▶ DATA EXCERPTS:
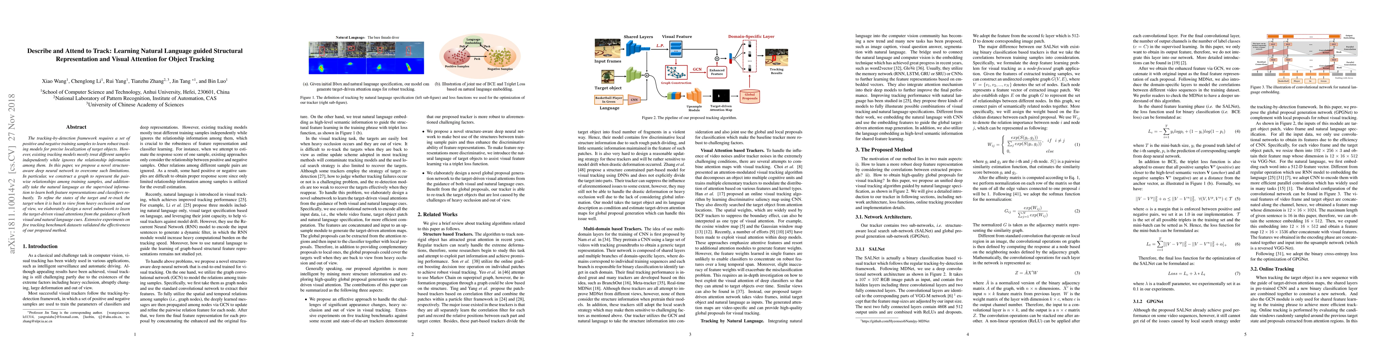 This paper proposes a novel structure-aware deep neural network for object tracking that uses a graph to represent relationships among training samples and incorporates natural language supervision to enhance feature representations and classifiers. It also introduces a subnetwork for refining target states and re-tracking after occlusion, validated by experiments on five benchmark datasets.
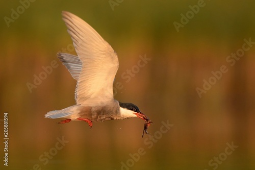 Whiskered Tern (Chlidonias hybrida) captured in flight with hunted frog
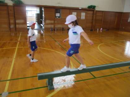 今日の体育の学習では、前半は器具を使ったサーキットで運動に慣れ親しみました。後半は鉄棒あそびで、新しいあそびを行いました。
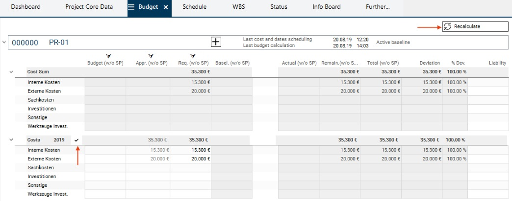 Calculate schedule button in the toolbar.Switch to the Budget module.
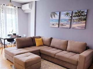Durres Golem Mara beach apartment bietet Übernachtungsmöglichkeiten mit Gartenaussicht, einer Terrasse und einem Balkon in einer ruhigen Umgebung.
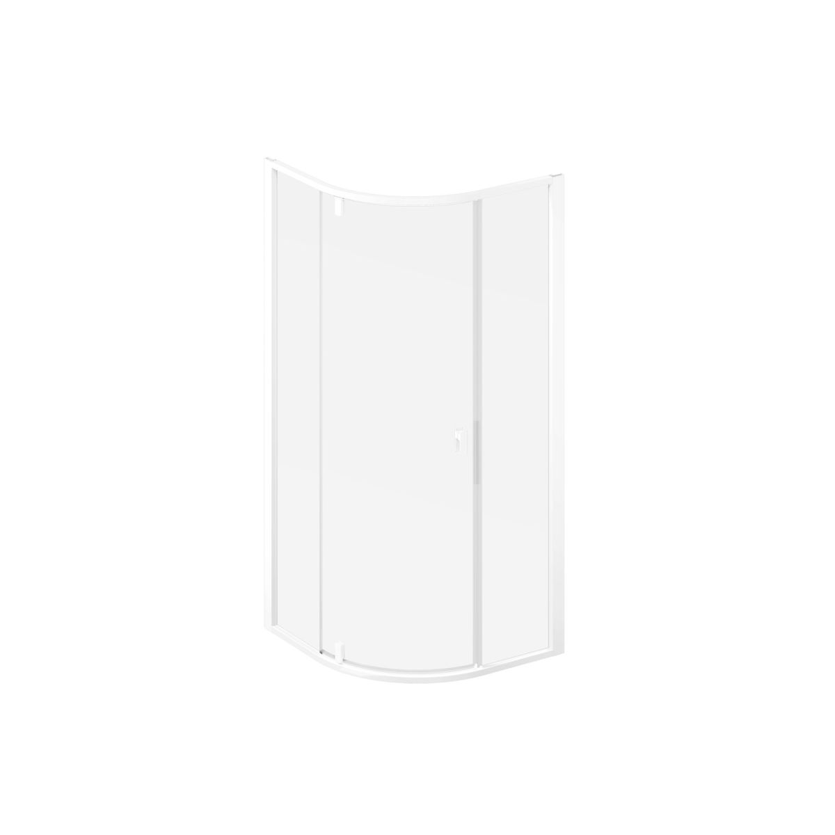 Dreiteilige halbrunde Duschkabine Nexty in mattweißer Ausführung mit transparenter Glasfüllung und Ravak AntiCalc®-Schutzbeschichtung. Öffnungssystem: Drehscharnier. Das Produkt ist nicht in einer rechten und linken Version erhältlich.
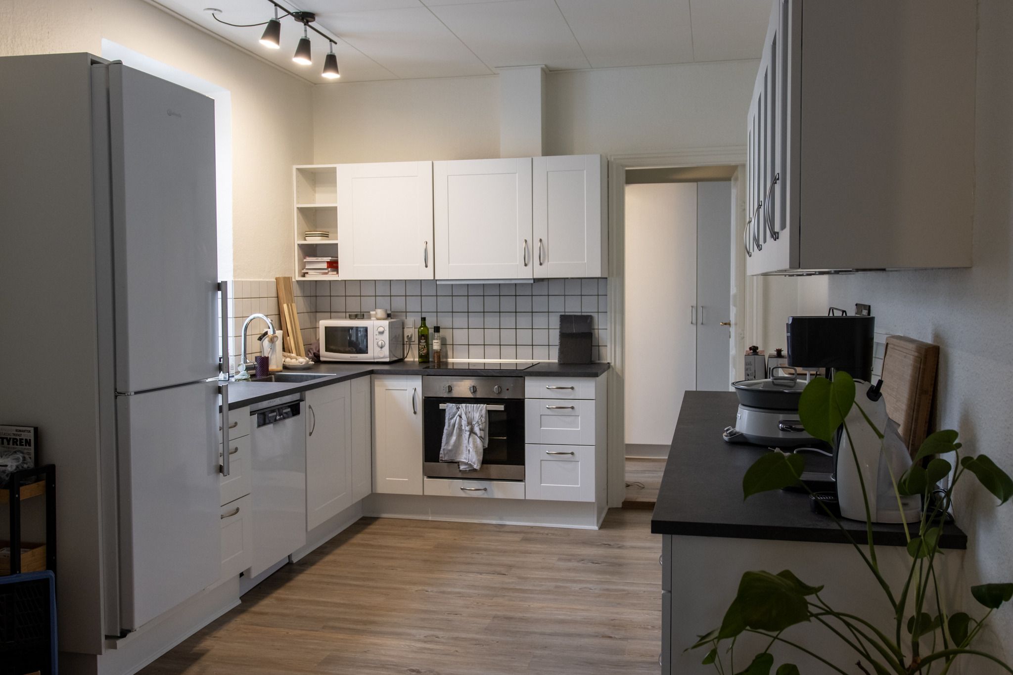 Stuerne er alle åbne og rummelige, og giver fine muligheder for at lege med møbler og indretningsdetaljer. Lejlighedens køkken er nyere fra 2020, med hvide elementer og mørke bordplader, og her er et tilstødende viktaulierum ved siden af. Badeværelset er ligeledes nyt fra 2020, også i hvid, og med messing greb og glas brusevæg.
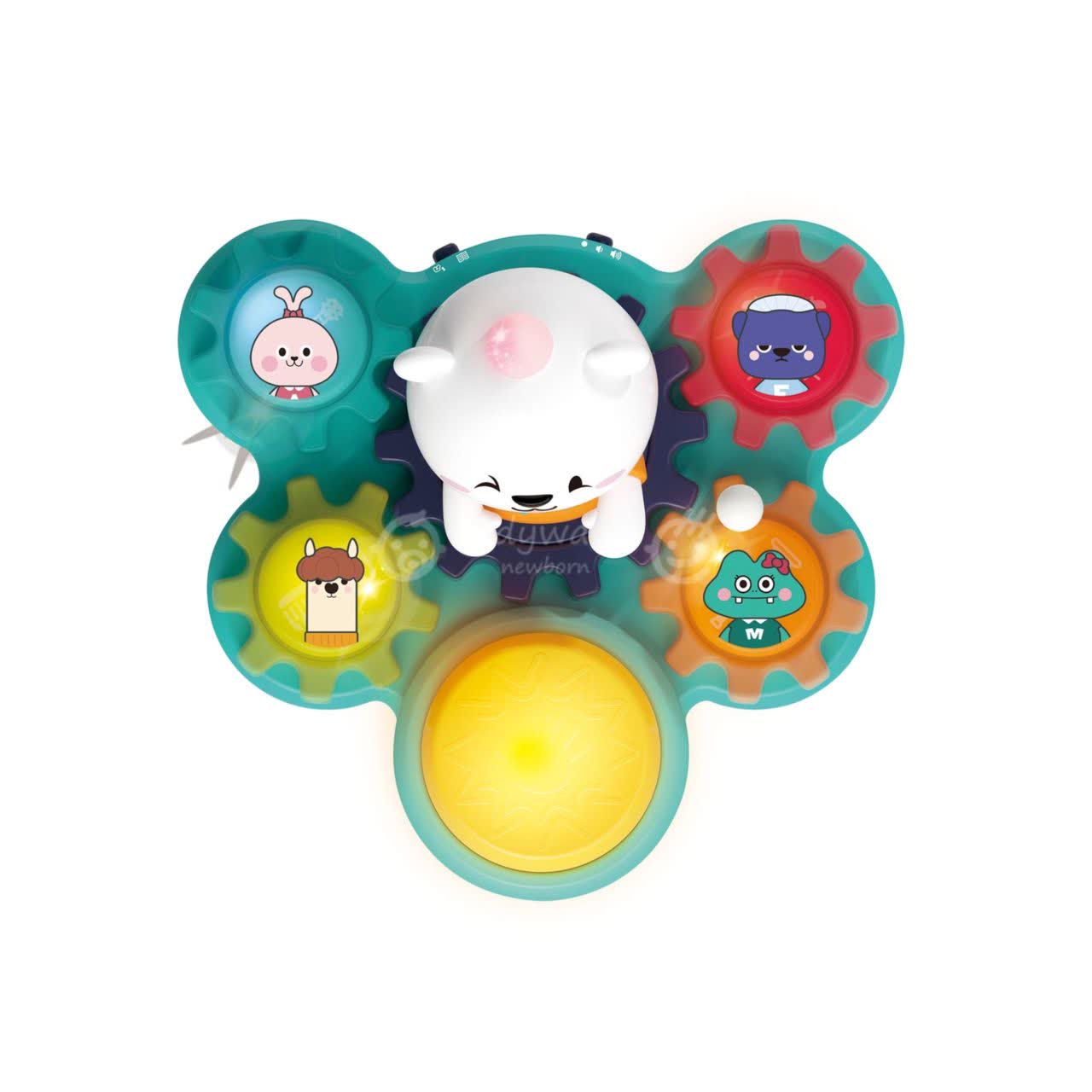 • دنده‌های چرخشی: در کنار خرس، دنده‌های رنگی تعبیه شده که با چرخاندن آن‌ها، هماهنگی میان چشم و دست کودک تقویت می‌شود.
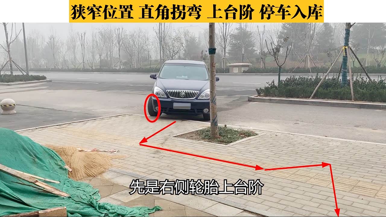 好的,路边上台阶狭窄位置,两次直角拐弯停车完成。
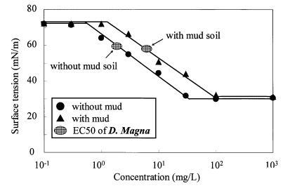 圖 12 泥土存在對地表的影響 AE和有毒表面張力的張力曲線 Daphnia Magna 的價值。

▶ TASK TO COMPLETE: Restate, line by line and word for word, everything from the top of the material through the line that contains "Durres Golem Mara". Leave pictures out.

▶ ANSWER AREA:
 This paper proposes a novel structure-aware deep neural network for object tracking that uses a graph to represent relationships among training samples and incorporates natural language supervision to enhance feature representations and classifiers. It also introduces a subnetwork for refining target states and re-tracking after occlusion, validated by experiments on five benchmark datasets.
 Whiskered Tern (Chlidonias hybrida) captured in flight with hunted frog
 今日の体育の学習では、前半は器具を使ったサーキットで運動に慣れ親しみました。後半は鉄棒あそびで、新しいあそびを行いました。
 Calculate schedule button in the toolbar.Switch to the Budget module.
Durres Golem Mara beach apartment bietet Übernachtungsmöglichkeiten mit Gartenaussicht, einer Terrasse und einem Balkon in einer ruhigen Umgebung.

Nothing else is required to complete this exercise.